Tobias Blanke
Department ofDigital Humanities
Kings College London
United Kingdom
Biography
"Tobias is a Reader in Social and Cultural Informatics in the Department of Digital Humanities and director of the European Digital Research Infrastructure for the Arts and Humanities (DARIAH). He leads and manages large international interdisciplinary research initiatives and teaches at both undergraduate and postgraduate levels. Currently, he works on the development of novel teaching approaches in digital methods and big data to understand culture and society. Tobias is engaged in a broad portfolio of research spanning big data and its implications for culture and society, the study and science of data, information and knowledge practices and new environments to study cultural and society. He has been heavily involved with research collaborations with other disciplines within King’s and internationally.
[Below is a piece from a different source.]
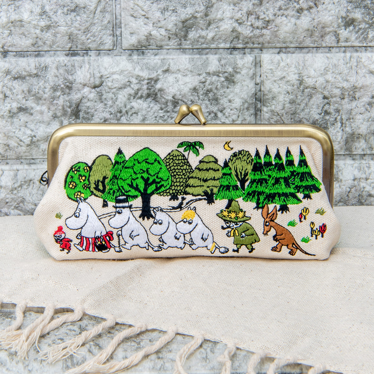 Slim Metal clip type 畳み刺繍ペンポーチスリムがま口 ムーミン 森

Tobias has a mixed academic background both in philosophy and computer science, with a PhD from the Free University of Berlin on the concept of evil and a PhD from the University of Glasgow in Computing Science on the theoretical evaluation of XML retrieval using Situation Theory. He has authored numerous papers as well as books in a range of fields on the intersection of cultural and social research and computer science. His work has won several prizes at major international conferences including best paper awards. In 2012, he was a Visiting Professor at the Göttingen Centre for Digital Humanities. Prior to joining King’s in 2007, Tobias worked at Credit Suisse in the city of London as a lead analyst and developer in a data warehouse, at Free University Berlin and several smaller media companies in Berlin. Since joining academia, Tobias has taken leadership roles in multi-disciplinary research projects in excess of £4M worth of funding for King’s College London, coming from the European Commission, EPSRC, JISC, the Germany Ministry of Research and Education and the AHRC."
Research Interest
"Tobias has played a leading role on several multi-disciplinary research projects. His interests are social and cultural informatics, dedicated to the critical understanding of the digital transformation of culture and society and the key role of information in it. Social and cultural informatics theorise this role and develops the digital methods and devices that support this study. Tobias works with a research team trying to teach computers to understand expressions of culture and society; a long-term goal which we are still far away from. Recently completed research includes work on open digital methods, social and cultural analytics, virtual research environments, graph databases, semantically enriched and intelligent digital content and the limitations of text analytics for historical corpora. Tobias has just published a new book The Digital Asset Ecosystem offering a new perspective on the collaboration between humans and computers in global digital workflows and socio-technical assemblages of humans and computers (crowds and clouds). Sage’s Big Data and Society have done a Bookcast about the book. Tobias welcomes the opportunity to supervise PhD students who want to pursue projects that relate to his broad interests."